Soucieuse de réduire son empreinte carbone, la Flandre expérimente, grandeur nature, l’introduction du béton sans ciment dans son secteur agricole.
Utiliser les dépenses publiques flamandes – 30 à 40 milliards d’euros par an – comme levier pour l’innovation : telle est la philosophie du Programma Innovatieve Overheidsopdrachten (en français : programme d’achats publics innovants). Initié en 2016, ce programme chapeaute aujourd’hui quelque 130 projets dans les domaines les plus divers, parmi lesquels la fabrication de béton sans ciment.
Matériau-roi de tout chantier de construction, le béton cumule néanmoins deux défauts : une empreinte carbone élevée et une demande en énergie qui l’est tout autant. Mélange de gravier et de sable, le béton a en effet besoin d’un liant. C’est le ciment, dont la production au départ de calcaire et d’argile nécessite des températures comprises entre 1.450 et 2.000 degrés.
Le béton cumule deux défauts : une empreinte carboneélevée et une demande en énergie qui l’est tout autant.

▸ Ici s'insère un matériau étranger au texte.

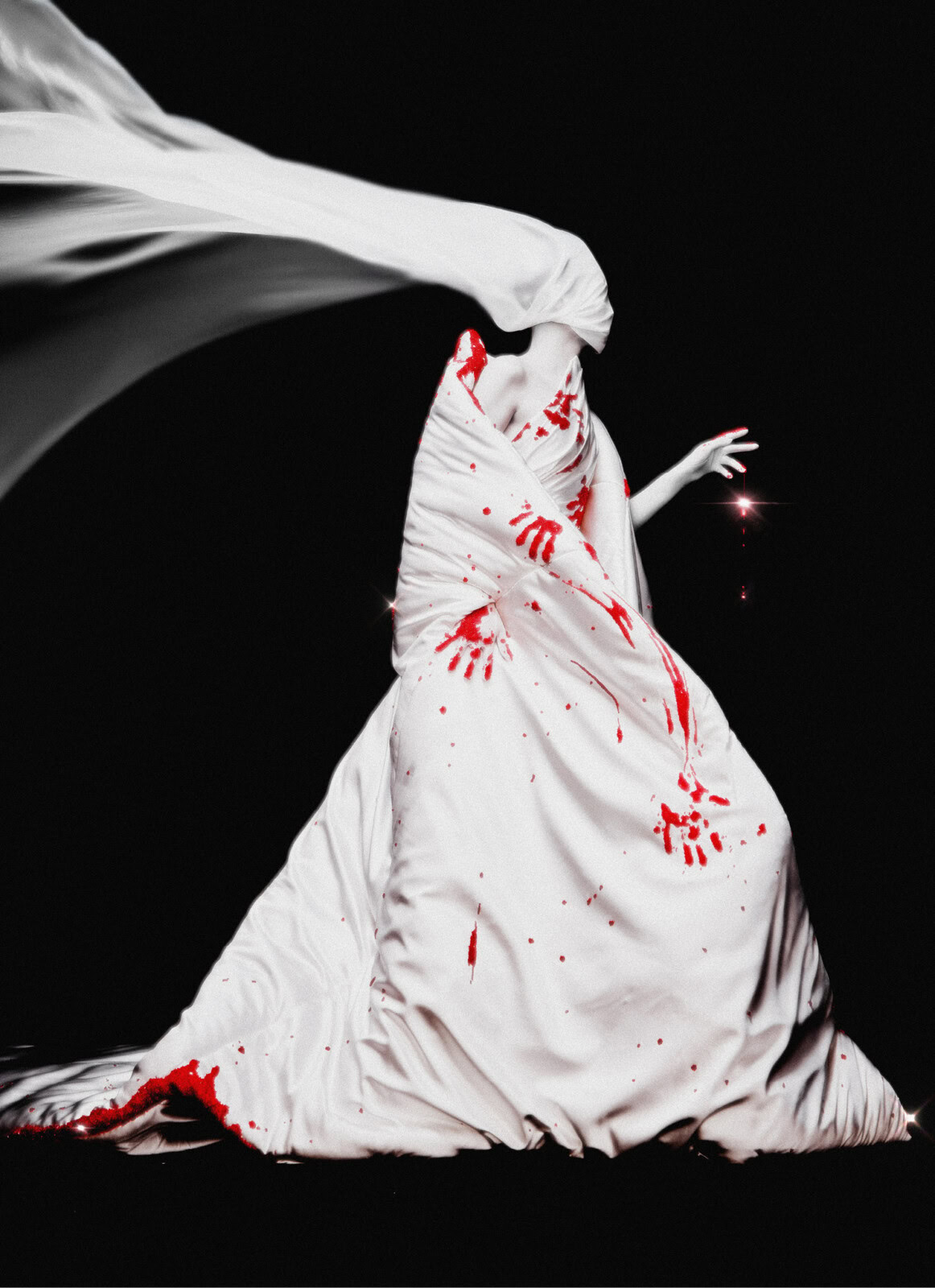 He thinks cinematically, explaining that his AW25 couture show, Becoming, aimed to “translate the ritual of dressing into a storyline”. He gave each look a narrative. So, what’s the story of the opening outfit with its bloody hand prints picked out in red crystals? “She went out last night and came back to her hotel. She woke up, super hungover, and has got all these mysterious stains on her duvet. She has no idea where they’re from. Is it ketchup? Blood? No one knows. But she still needs to get ready, because the big night is tonight, so she gets up gracefully. Hair still perfect, but she’s got all this on her duvet. I wanted to do untold stories about waking up, getting changed and trying on the new clothes you’re going to wear tonight.” As for those strange mannequin limbs, the idea came, he says, from his fascination with the language of posing and the gestures made in front of a mirror before you go out.

Dans notre pays, les 14 millions de mètres cubes de béton annuellement coulés produisent ainsi 4 à 5% des gaz à effet de serre et dans ce total, le ciment intervient pour environ 85%. D’où l’idée de “verduriser” ce dernier. Diverses expérimentations sont actuellement en cours chez les fournisseurs. La Flandre, toutefois, veut aller plus loin et vient d’entamer à Merelbeke, dans la ferme-pilote de l’Institut flamand pour la recherche en agriculture, pêche et alimentation (ILVO), la construction de 12 silos à fosse.
Des silos comme tests
Particulièrement nombreux en Flandre, où subsistent 22.500 exploitations agricoles, les silos à fosse ou à tranchée sont des constructions rectangulaires qui ne comportent que trois murs. On y stocke, généralement bâché, du maïs ou du fourrage. Quatre silos seront construits en béton classique, quatre en béton de démolition recyclé et quatre en béton sans ciment dont la production permet d’abaisser jusqu’à 70% les émissions de CO2 par rapport aux ciments classiques.

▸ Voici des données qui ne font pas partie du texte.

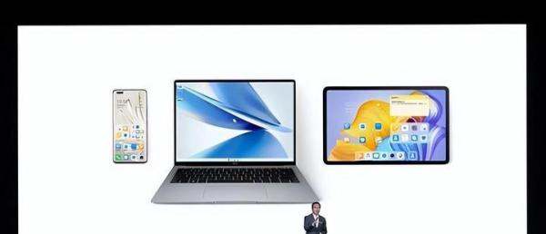 在官方演示中,通过MagicOS 7.0系统,荣耀的手机、平板与笔记本实现了三通互联。用户能够直接使用笔记本鼠标将手机文件拖拽至笔记本,或将笔记本文件拖拽至平板。同时,用户也可以使用笔记本,将手机上的文件跨过笔记本,直接拖拽至平板中,实现了一只鼠标操纵三台不同的终端。

Ces derniers seront remplacés par des ciments géopolymères, c’est-à-dire des polymères inorganiques obtenus par activation alcaline d’aluminosilicates, dans le cas présent, des scories de haut fourneau. Les cendres volantes, présentes dans les fumées lors de la combustion de charbon dans les centrales thermiques, peuvent également être utilisées. Cinq mille mètres cubes de béton seront ainsi coulés au total et dans chaque silo. Des capteurs permettront de suivre en temps réel les performances des matériaux utilisés. Et ces derniers seront appelés à souffrir. La fermentation du maïs et de l’herbe libèrent en effet de l’acide qui, attaquant chimiquement le béton, en altère progressivement la solidité.
L’expérimentation prendra donc du temps, mais pourrait, si les résultats en sont positifs, entraîner un changement majeur. Si les bétons sans ciment donnent des résultats satisfaisants dans un milieu si hostile, ne peuvent-ils pas dès lors convenir partout ? Et cela, d’autant plus facilement que leur surcoût actuel – 30% – ne tient qu’aux faibles quantités produites ? S’y ajoute qu’à Merelbeke, commune fusionnée depuis le 1er janvier dernier avec Melle, sa voisine, les capteurs devraient confirmer que les bétons sans ciment ont une durée de vie trois fois plus longue que les ciments classiques.